Task prompt
Only one span is wanted from the lines below: from the one with "近日,由重庆市委组织部、重庆" up to and including the one with "Myslete v zónách: dlouhé". Copy it exactly, without images.

Records provided
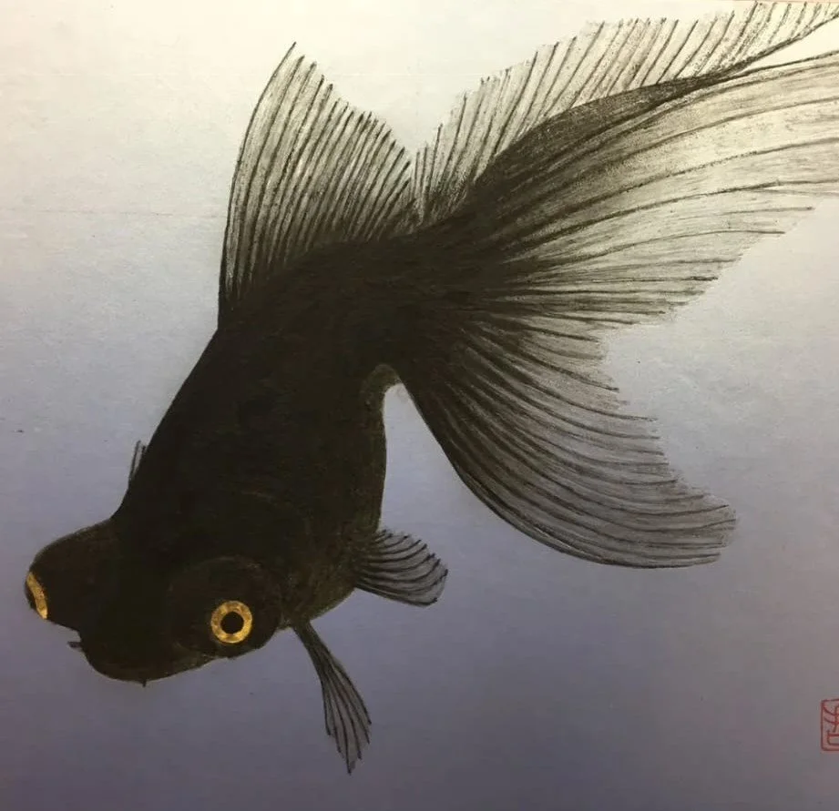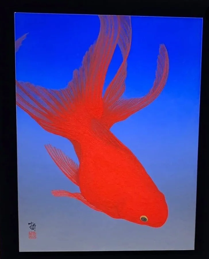 Tetsuei is renowned for his ethereal and intricately detailed paintings of goldfish. His work captures the ephemeral beauty of these creatures in a manner that is both meditative and mesmerizing. These goldfish—rendered in layers of luminous pigment—seem to exist in a liminal space between realism and dreamlike abstraction. Each brushstroke, executed with exquisite precision, conveys the weightlessness of the fish as they drift through their aqueous realms. Their scales shimmer with an almost otherworldly glow, a testament to the artist’s mastery of color and texture.
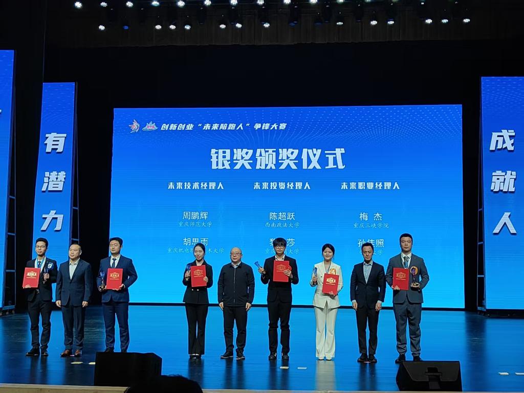 近日,由重庆市委组织部、重庆市委金融委员会办公室、重庆市教育委员会、重庆市科学技术局等单位联合主办的创新创业“未来陪跑人”争锋大赛决赛在重庆工商大学圆满落幕。我院2022级经济学专业学生、创新创业项目负责人周鹏辉从全市优秀学子中脱颖而出,荣获大赛银奖。
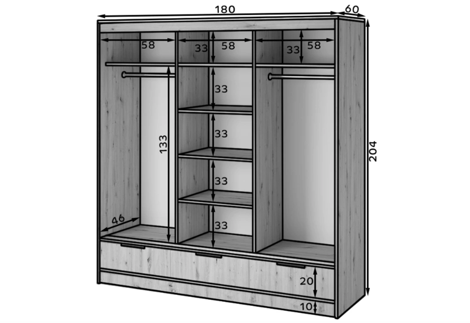 Myslete v zónách: dlouhé věšení (šaty/pláště), krátké věšení (košile/halenky), složené věci (police), prádlo a doplňky (zásuvky). Orientačně: rozteč polic 28–35 cm, zásuvky 12–20 cm na výšku, věšáková tyč cca 160–170 cm nad dno pro dlouhé věšení (nižší pro krátké).
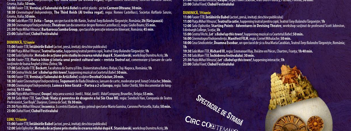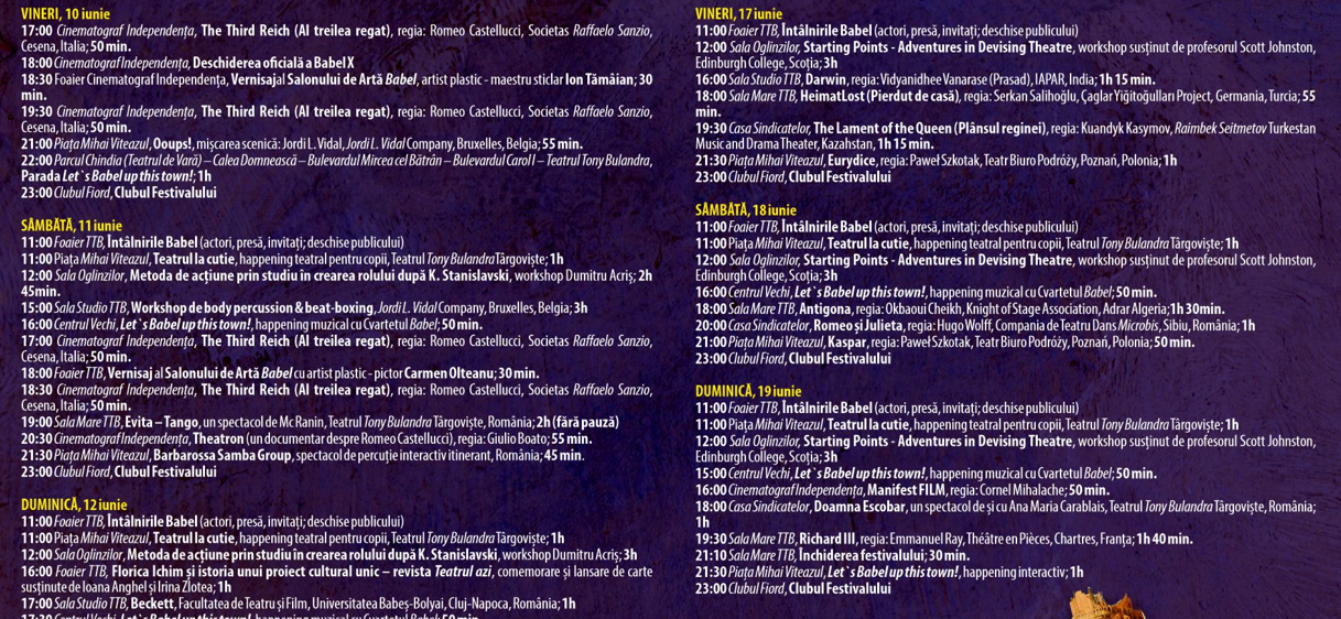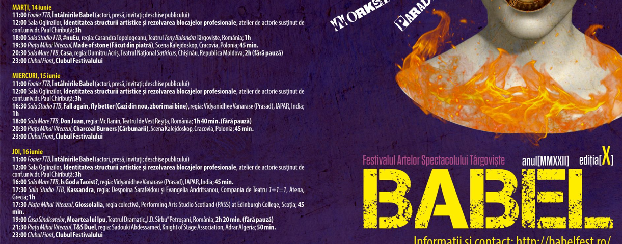 ”Pe această idee de teatru și educație, Festivalul Babel continuă cu workshopuri. O să încep cu asta pentru că avem 100 de voluntari, elevi din liceele din Târgoviște și workshopurile îi vor pregăti și pe actorii prezenți dar și pe elevi în ceea ce privește artele spectacolului, le vor deschide perspective, le vor arăta că ceea ce învață în școală poate fi aplicat în viață. Cei care conduc workshopurile sunt JeungWoo Son care este președintele Asociației Teatrelor din Coreea de Sud care a montat la noi Livada de vișini, Scott Johnston de la Facultatea de Teatru din Edinburgh, Scoția, îl cunoașteți, el lucrează foarte bine cu tinerii, Paul Chiribuță, actorul Paul Chiribuță, care a fost directorul școlii de teatru de la Limoges unde funcționa și marele regizor Silviu Purcărete. Se deschide cu o producție italiană, una dintre cele mai importante, de fapt în jurul acestei producții se orientează tot festivalul, este vorba de producția lui Romeo Castellucci. Vine pentru a doua oară în România, a mai fost cred invitat acum câțiva ani la Festivalul Național de Teatru, este unul dintre regizorii uriași ai lumii, dacă o să urmăriți pe internet o să vedeți că este un regizor lipsit de reverență față de autorități, față de biserică, este un regizor care lucrează cu bugete absolut colosale, nici nu se pune problema bugetului în ceea ce-l privește, el este Doctor Honoris Causa a mai multor universități din lume. S-au făcut proteste împotriva lui în Polonia, țară catolică, în Statele Unite. Este un regizor care schimbă lumea, schimbă oamenii și schimbă ideea despre teatru.”
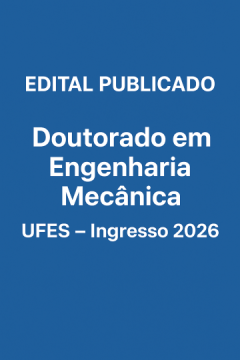 O PPGEM/UFES convida interessadas e interessados a participarem do Processo Seletivo para o Doutorado 2026, conforme Edital 009/2025.

Response area
 近日,由重庆市委组织部、重庆市委金融委员会办公室、重庆市教育委员会、重庆市科学技术局等单位联合主办的创新创业“未来陪跑人”争锋大赛决赛在重庆工商大学圆满落幕。我院2022级经济学专业学生、创新创业项目负责人周鹏辉从全市优秀学子中脱颖而出,荣获大赛银奖。
 Myslete v zónách: dlouhé věšení (šaty/pláště), krátké věšení (košile/halenky), složené věci (police), prádlo a doplňky (zásuvky). Orientačně: rozteč polic 28–35 cm, zásuvky 12–20 cm na výšku, věšáková tyč cca 160–170 cm nad dno pro dlouhé věšení (nižší pro krátké).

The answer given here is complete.